### Exercise requirements
Lines from the one with "lasiocarpa Ehrh. var." to the end of the material, both included: print them exactly and print nothing else. Omit the pictures.

◇ ◇ ◇ ◇

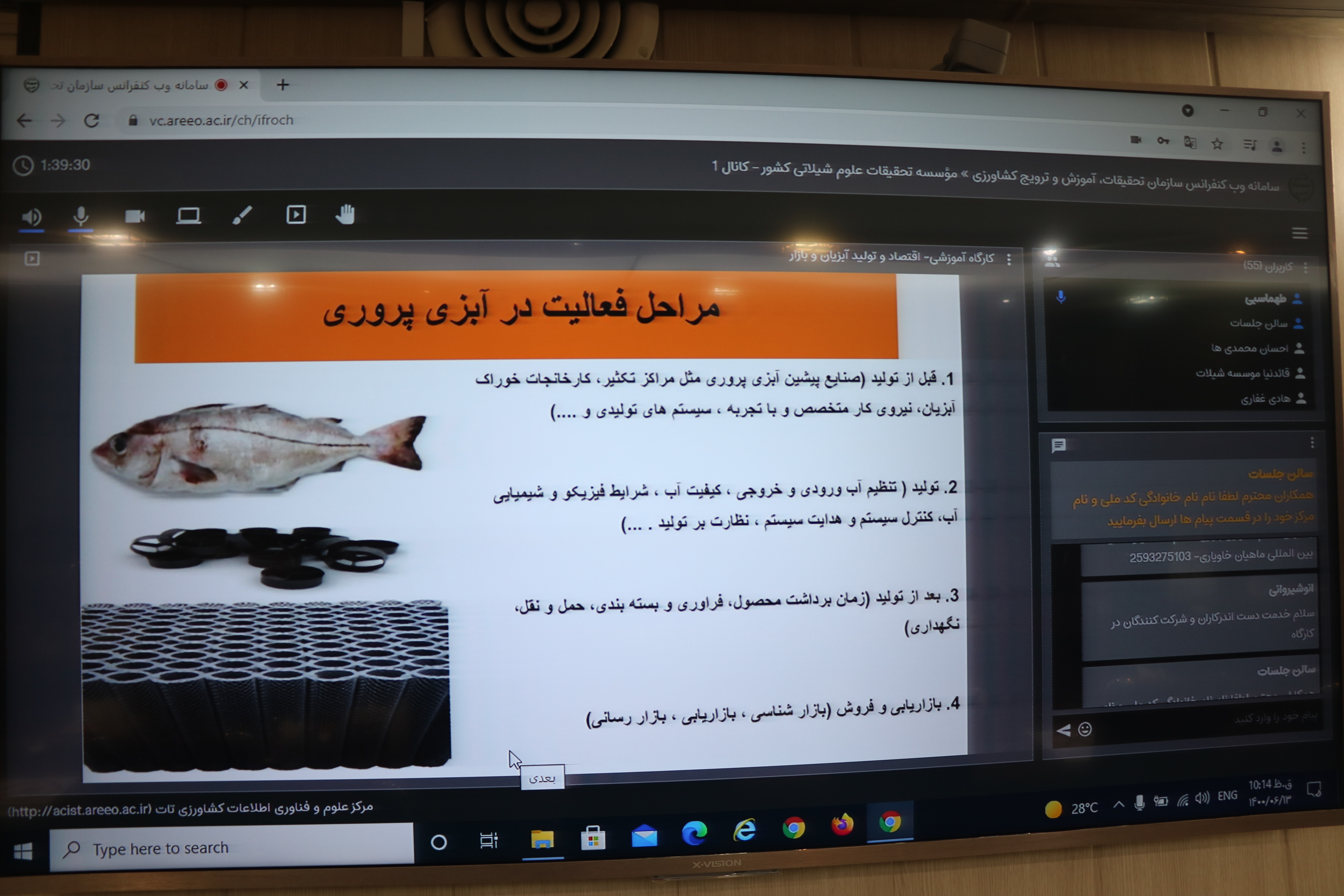 به گزارش روابط عمومی موسسه تحقیقات علوم شیلاتی کشور، دکتر رضا فیض بخش، فوق دکترای اقتصاد و مدیریت شیلات و آبزیان، به عنوان مدرس کارگاه آموزشی اقتصاد و تولید آبزیان و بازار، سخنانی را در ارتباط با مباحث این حوزه به صورت وبیناری برای علاقه مندان، ارائه کرد.
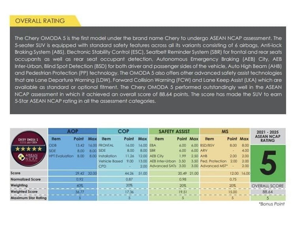 Xếp hạng 5 sao của ASEAN NCAP dựa theo bốn hạng mục đánh giá an toàn chính được xác định theo giao thức mới nhất của ASEAN NCAP 2021–2025. OMODA C5 đã đạt 36,77 điểm trong Bảo vệ người lớn ngồi trên xe (AOP), 17,36 điểm trong Bảo vệ trẻ em ngồi trên xe (COP), 19,51 điểm trong Hỗ trợ an toàn (SA) và 15,00 điểm trong An toàn cho người đi xe máy (MS).
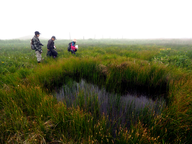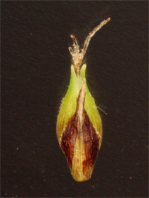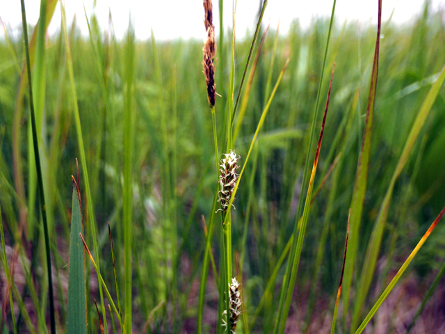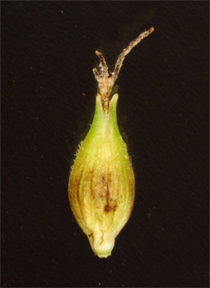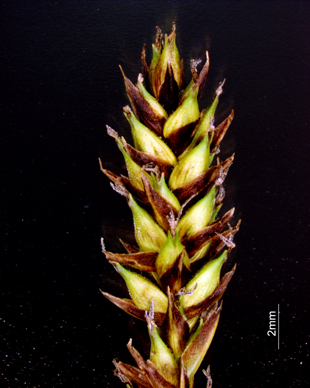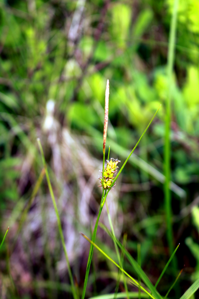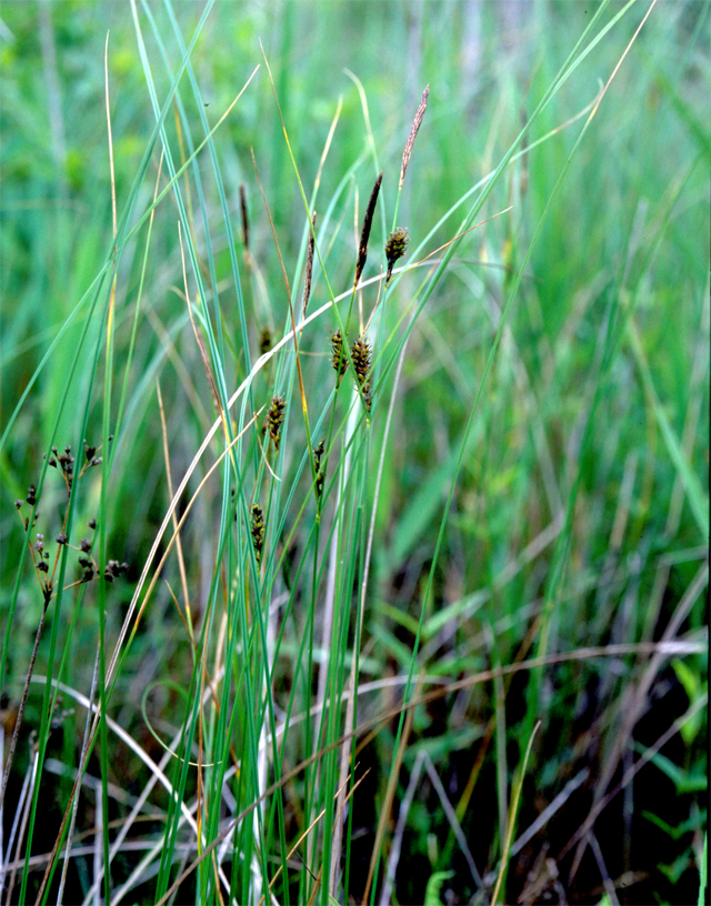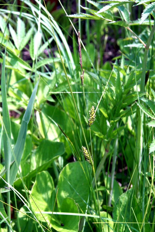 【同定のカギ】湿地や湖沼の縁に生え、長い根茎がある。有花茎は、断面が3稜形で硬く、上部はざらつく。苞の前葉は長い。1〜3個の線形の雄小穂を頂生、雌小穂は離れてつき無柄。鱗片は黒褐色。果胞は、雌鱗片とほぼ同長またはやや長く、脈があり、疎らに有毛、短嘴、光沢があり、口部は鋭2歯となる。柱頭は3岐。Carex lasiocarpa Ehrh. var. occultans (Franch.) Kuk. 【国内分布】北海道、本州(中部・関東地方以北)。【国外分布】サハリン、千島、朝鮮、東シベリア。種としてはヨーロッパと北アメリカに広く分布。 【ノート】ムジナスゲは、有花茎が3稜形で硬く、果苞の嘴が短いことで、ビロードスゲやスナジスゲと異なる。
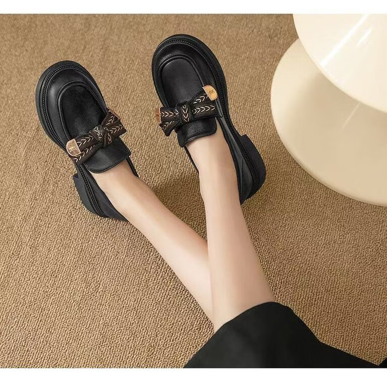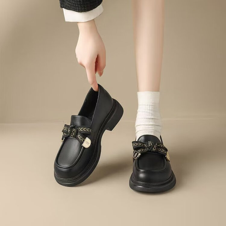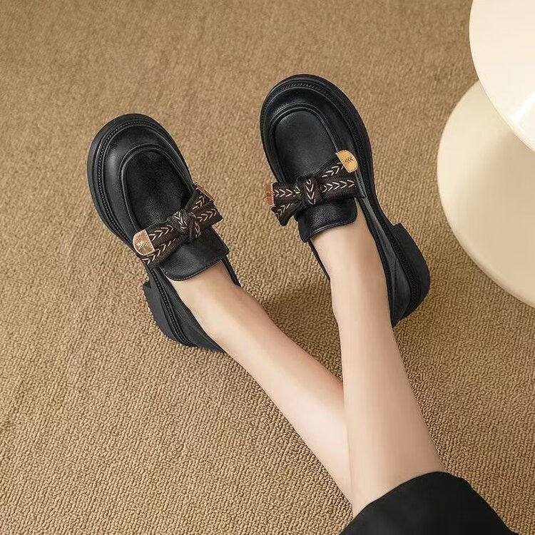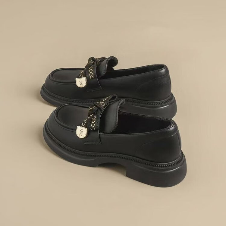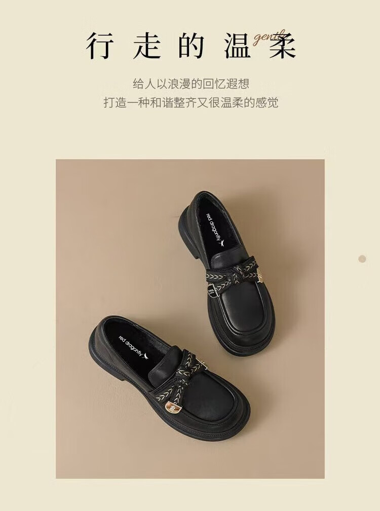 Red Dragonfly Mocassins Femme 2025 Nouveau Printemps et Automne Britannique Petites Chaussures en Cuir Véritable Semelle Souple Semelle Épaisse Chaussures Simples Noir 37
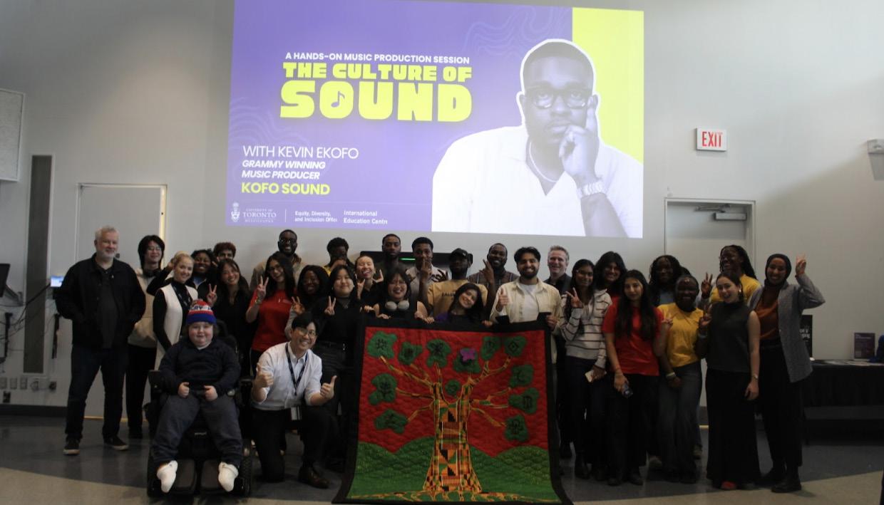 Near the end of the event, after Q & A with Ekofo but just before the group photo, the Access and Inclusion team at the CSE gave a short presentation about a “community quilting project” they were working on through Black History Month with the intention to “recreate and tell the story of Black excellence and culture.” When asked about why events like these that are focused on culture and creative expression are important to have at UTM, Nguyen shared that they “give students a chance to express themselves, explore new ideas, and build community. UTM has such a diverse student body, and creating spaces like this just adds to the strength of that diversity.”

◇ ◇ ◇ ◇

### Answer for this exercise
 【同定のカギ】湿地や湖沼の縁に生え、長い根茎がある。有花茎は、断面が3稜形で硬く、上部はざらつく。苞の前葉は長い。1〜3個の線形の雄小穂を頂生、雌小穂は離れてつき無柄。鱗片は黒褐色。果胞は、雌鱗片とほぼ同長またはやや長く、脈があり、疎らに有毛、短嘴、光沢があり、口部は鋭2歯となる。柱頭は3岐。Carex lasiocarpa Ehrh. var. occultans (Franch.) Kuk. 【国内分布】北海道、本州(中部・関東地方以北)。【国外分布】サハリン、千島、朝鮮、東シベリア。種としてはヨーロッパと北アメリカに広く分布。 【ノート】ムジナスゲは、有花茎が3稜形で硬く、果苞の嘴が短いことで、ビロードスゲやスナジスゲと異なる。
 Red Dragonfly Mocassins Femme 2025 Nouveau Printemps et Automne Britannique Petites Chaussures en Cuir Véritable Semelle Souple Semelle Épaisse Chaussures Simples Noir 37
 Near the end of the event, after Q & A with Ekofo but just before the group photo, the Access and Inclusion team at the CSE gave a short presentation about a “community quilting project” they were working on through Black History Month with the intention to “recreate and tell the story of Black excellence and culture.” When asked about why events like these that are focused on culture and creative expression are important to have at UTM, Nguyen shared that they “give students a chance to express themselves, explore new ideas, and build community. UTM has such a diverse student body, and creating spaces like this just adds to the strength of that diversity.”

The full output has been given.